Problem statement: Restate word for word the opening line of the data below and every line after it until the line with "Charm Sterlingové stříbro", that line too, but not the pictures.

Supplied records START

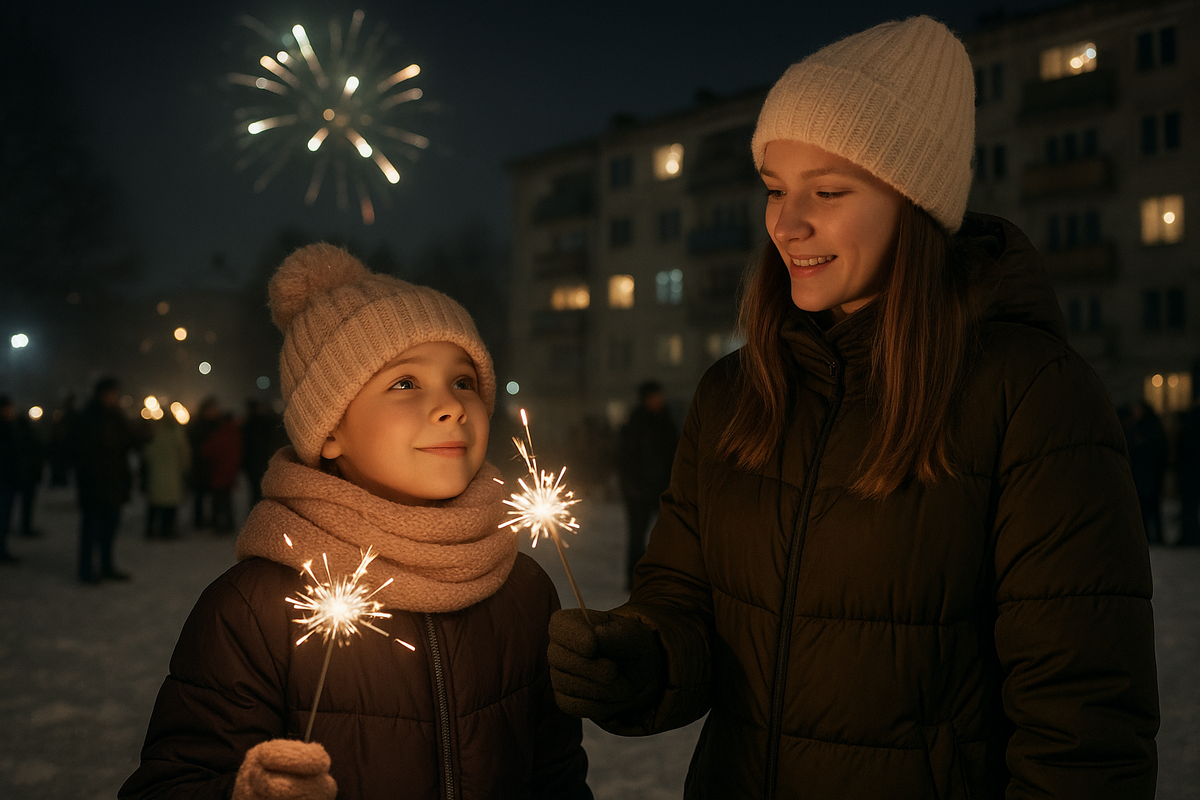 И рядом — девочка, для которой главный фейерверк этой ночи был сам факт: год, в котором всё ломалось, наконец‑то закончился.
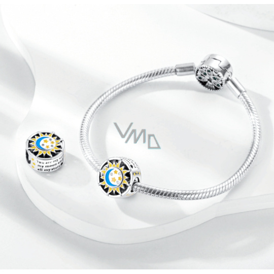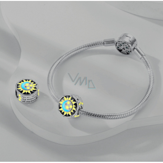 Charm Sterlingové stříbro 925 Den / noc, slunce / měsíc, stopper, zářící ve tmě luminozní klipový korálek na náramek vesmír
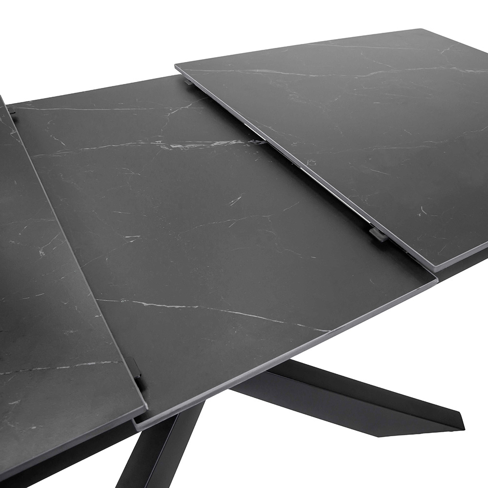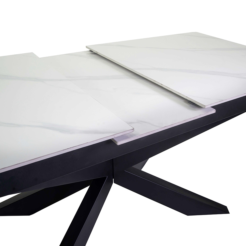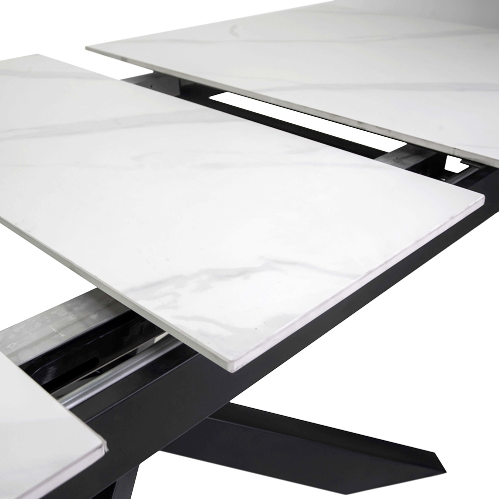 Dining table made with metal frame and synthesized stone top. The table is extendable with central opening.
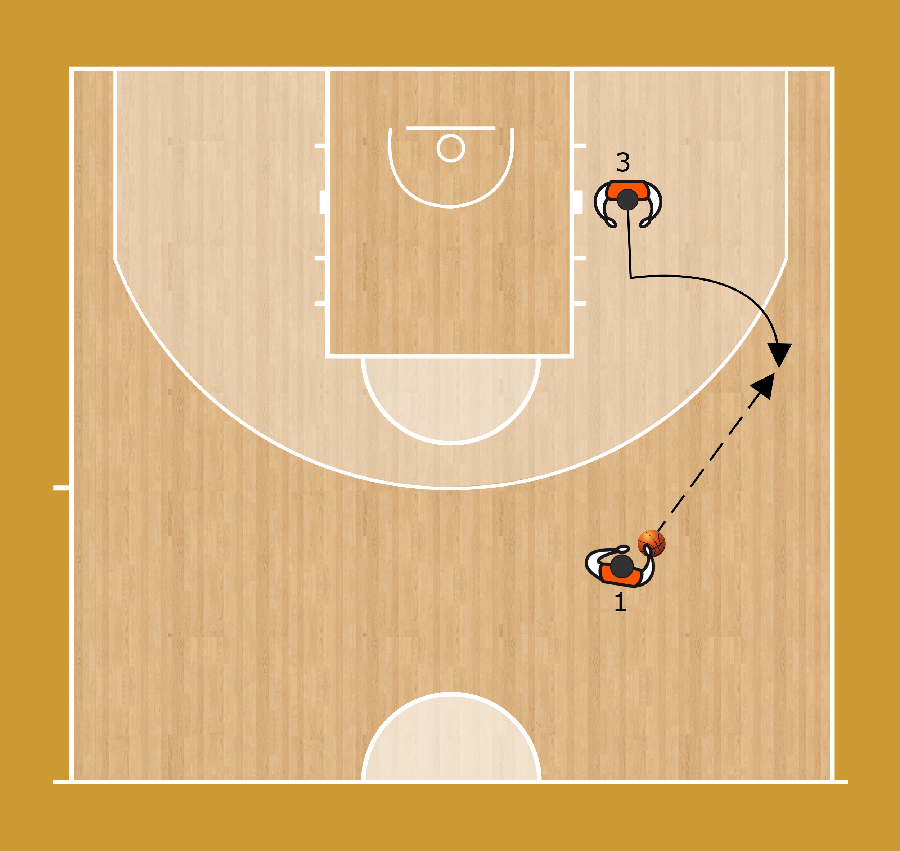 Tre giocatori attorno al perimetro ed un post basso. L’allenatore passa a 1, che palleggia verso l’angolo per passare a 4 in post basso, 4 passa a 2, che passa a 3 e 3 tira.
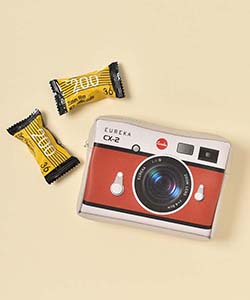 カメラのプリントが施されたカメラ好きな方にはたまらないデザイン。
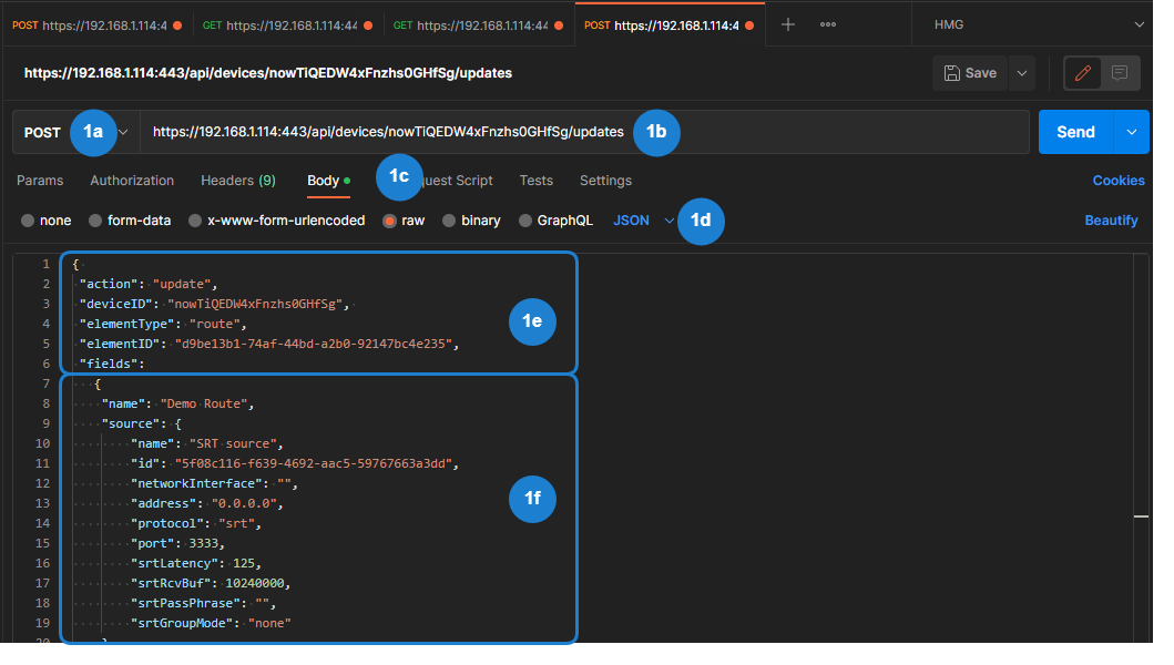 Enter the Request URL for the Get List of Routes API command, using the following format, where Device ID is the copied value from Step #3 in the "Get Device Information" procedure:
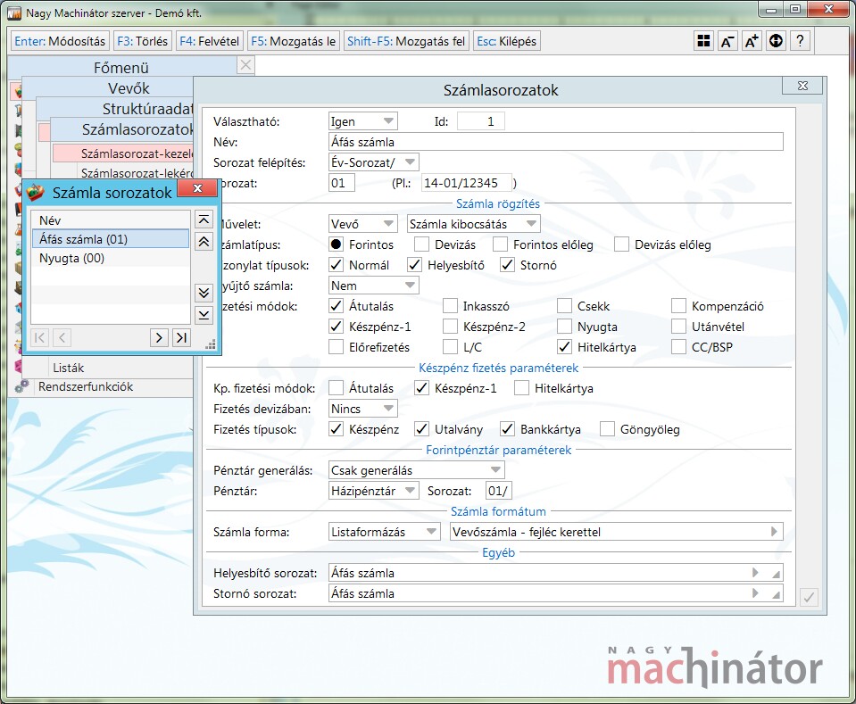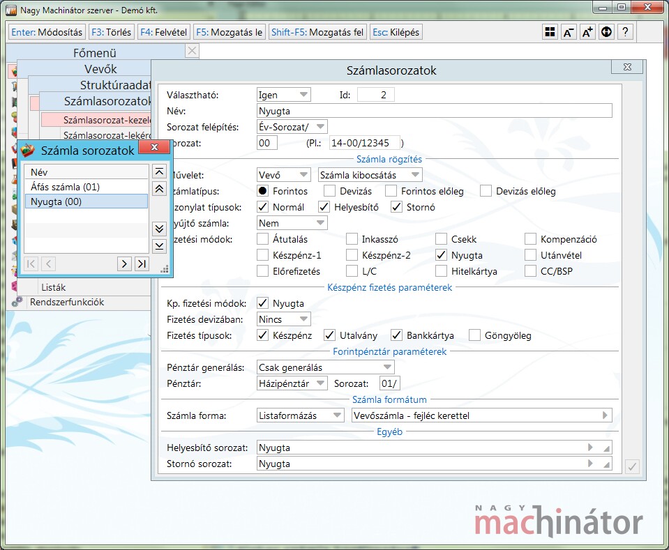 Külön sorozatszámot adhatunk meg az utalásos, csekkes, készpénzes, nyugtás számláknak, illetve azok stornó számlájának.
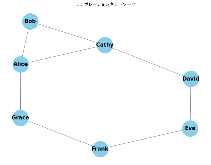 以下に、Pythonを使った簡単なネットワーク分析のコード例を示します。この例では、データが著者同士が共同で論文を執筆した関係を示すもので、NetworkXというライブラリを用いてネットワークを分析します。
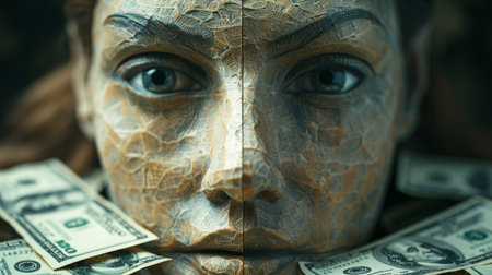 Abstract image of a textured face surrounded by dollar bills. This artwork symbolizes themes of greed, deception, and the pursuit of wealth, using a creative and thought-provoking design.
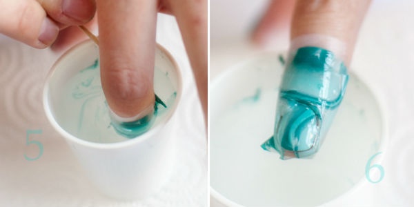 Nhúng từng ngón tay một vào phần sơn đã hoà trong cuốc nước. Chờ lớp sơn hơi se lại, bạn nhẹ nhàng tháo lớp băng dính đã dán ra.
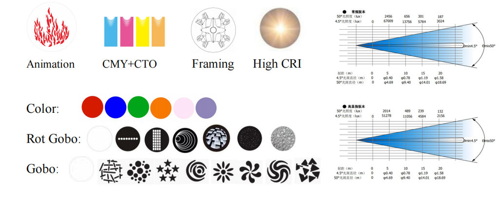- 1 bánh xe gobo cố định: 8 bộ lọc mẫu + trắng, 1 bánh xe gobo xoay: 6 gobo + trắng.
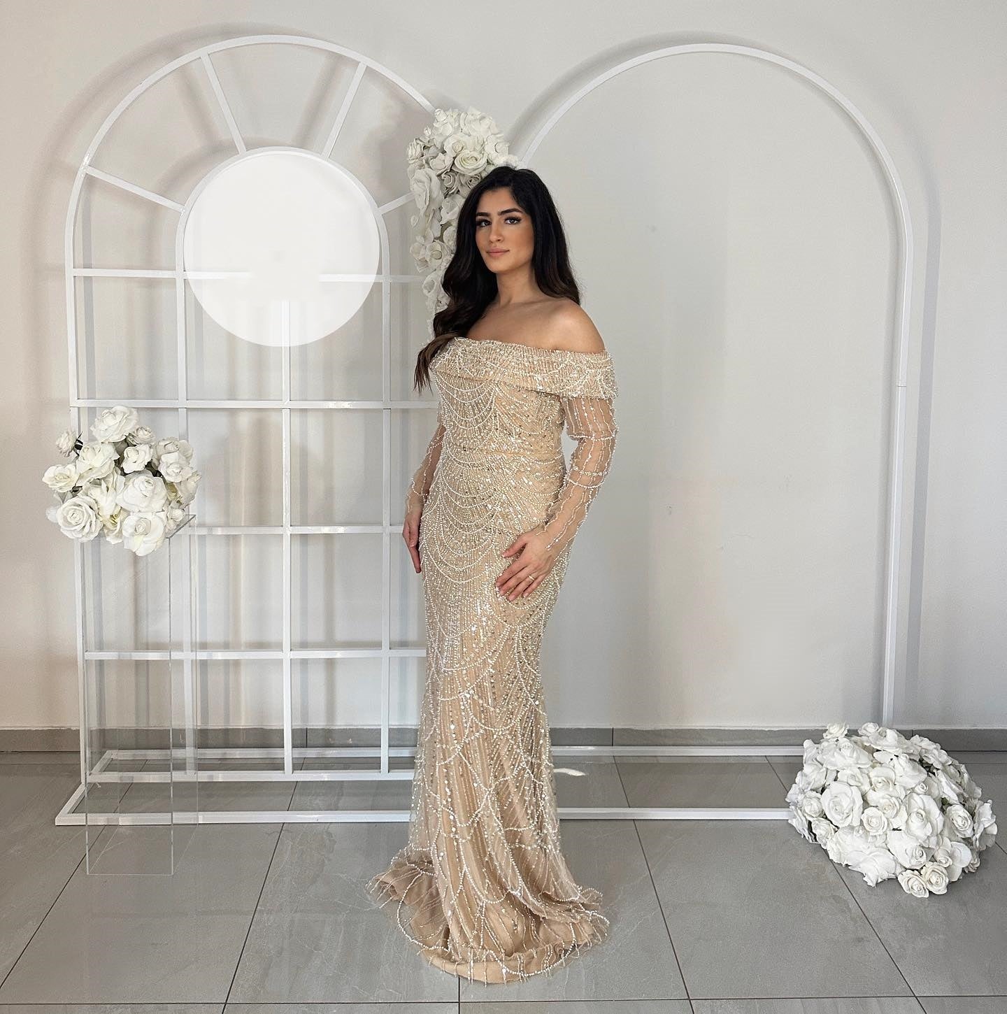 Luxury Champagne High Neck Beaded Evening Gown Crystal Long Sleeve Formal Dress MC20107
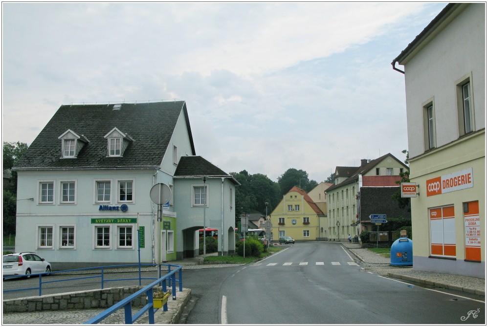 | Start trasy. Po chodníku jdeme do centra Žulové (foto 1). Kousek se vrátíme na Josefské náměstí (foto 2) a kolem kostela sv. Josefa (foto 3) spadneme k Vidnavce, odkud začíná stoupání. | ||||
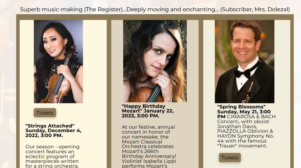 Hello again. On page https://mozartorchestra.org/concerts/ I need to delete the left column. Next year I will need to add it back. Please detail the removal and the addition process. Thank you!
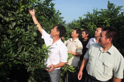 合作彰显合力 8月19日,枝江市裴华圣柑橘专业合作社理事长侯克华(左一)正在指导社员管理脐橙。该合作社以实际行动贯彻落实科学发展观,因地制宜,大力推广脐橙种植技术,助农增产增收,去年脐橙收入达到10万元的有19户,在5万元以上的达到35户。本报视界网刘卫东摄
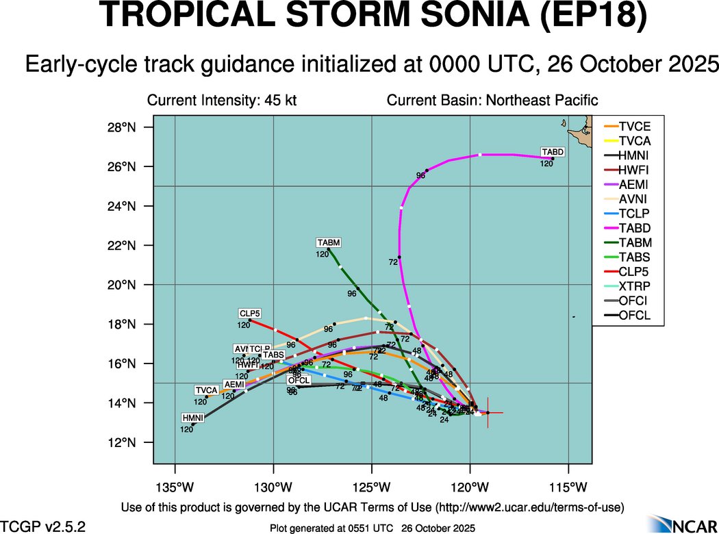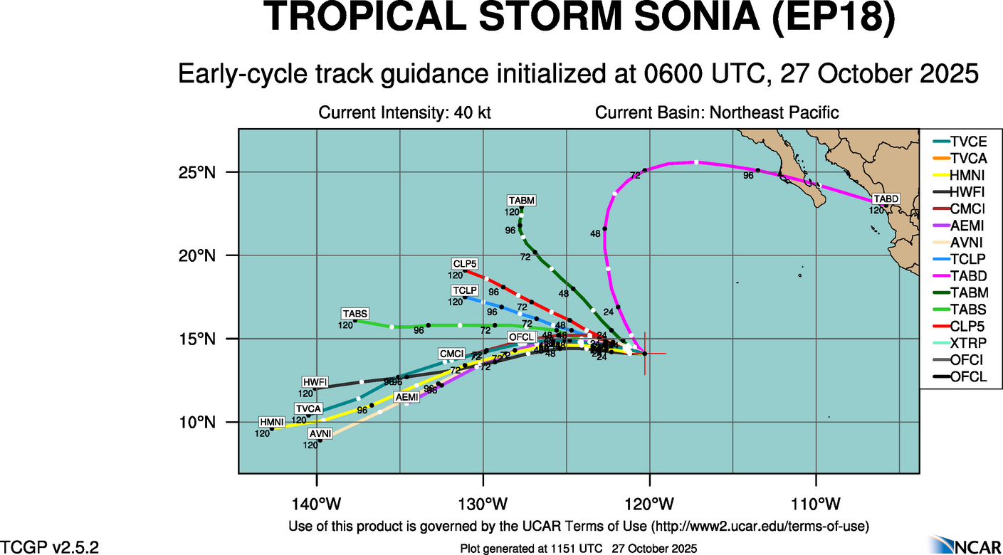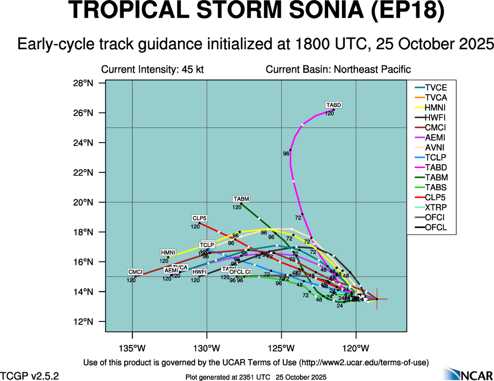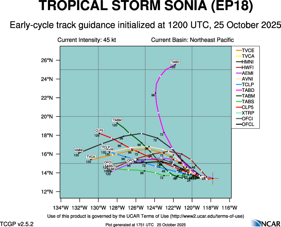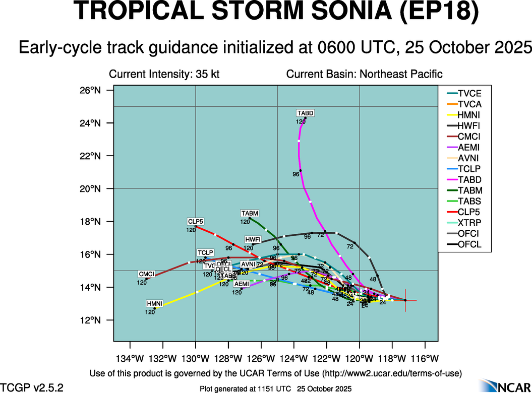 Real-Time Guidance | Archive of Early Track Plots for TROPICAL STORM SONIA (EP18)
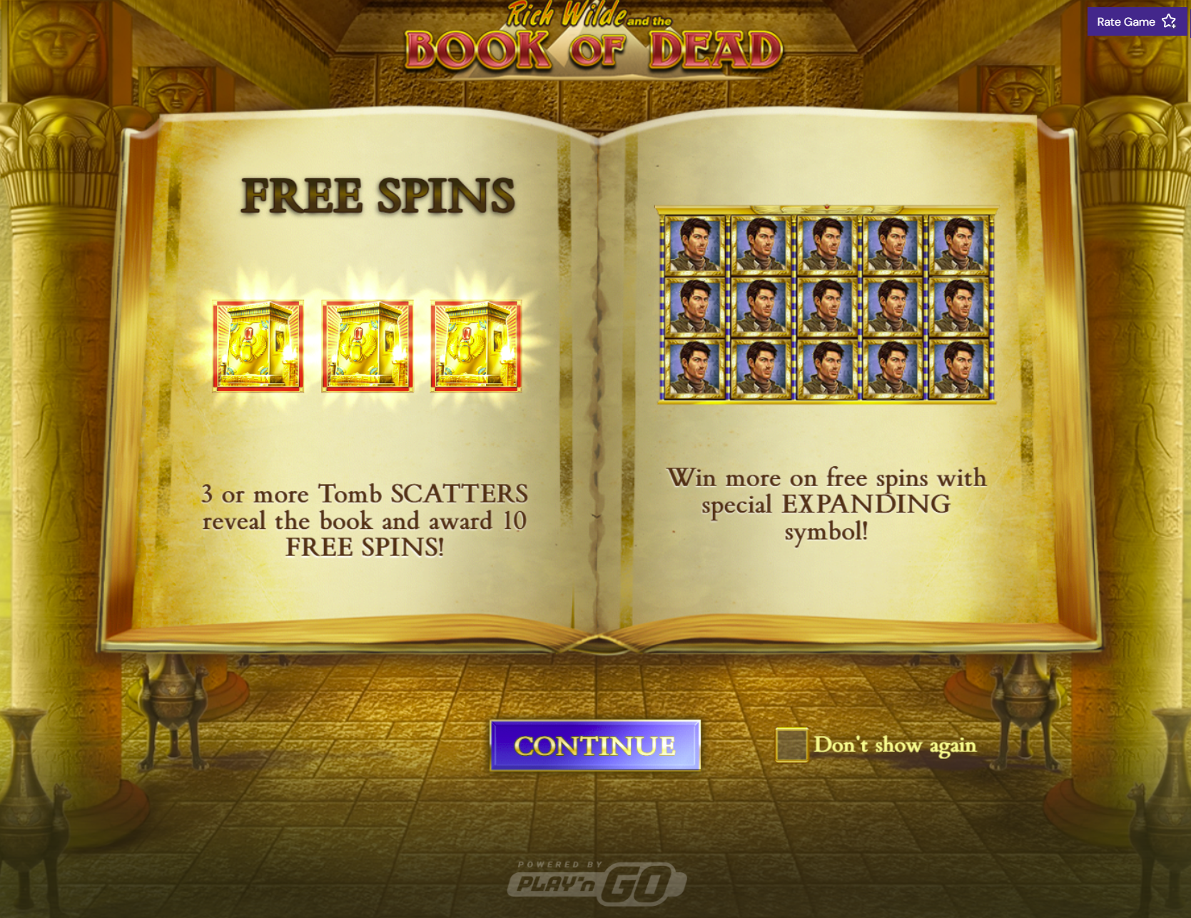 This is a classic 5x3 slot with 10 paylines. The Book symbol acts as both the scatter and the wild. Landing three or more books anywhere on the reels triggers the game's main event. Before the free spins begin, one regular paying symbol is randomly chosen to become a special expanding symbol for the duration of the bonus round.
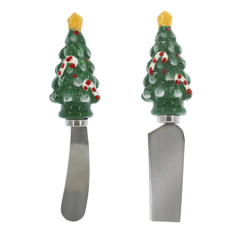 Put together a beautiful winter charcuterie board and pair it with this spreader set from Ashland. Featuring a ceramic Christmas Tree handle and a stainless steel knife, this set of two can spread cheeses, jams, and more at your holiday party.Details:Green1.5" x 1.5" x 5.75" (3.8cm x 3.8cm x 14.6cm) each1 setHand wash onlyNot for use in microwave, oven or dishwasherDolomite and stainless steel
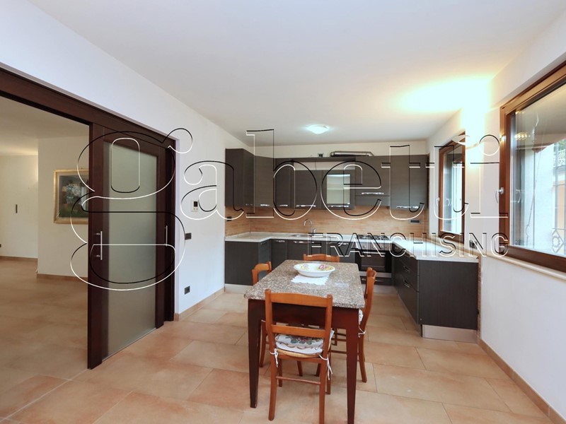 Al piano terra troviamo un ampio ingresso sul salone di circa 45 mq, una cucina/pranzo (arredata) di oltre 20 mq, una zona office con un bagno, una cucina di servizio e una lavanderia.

Supplied records END

Expected output:
 И рядом — девочка, для которой главный фейерверк этой ночи был сам факт: год, в котором всё ломалось, наконец‑то закончился.
 Charm Sterlingové stříbro 925 Den / noc, slunce / měsíc, stopper, zářící ve tmě luminozní klipový korálek na náramek vesmír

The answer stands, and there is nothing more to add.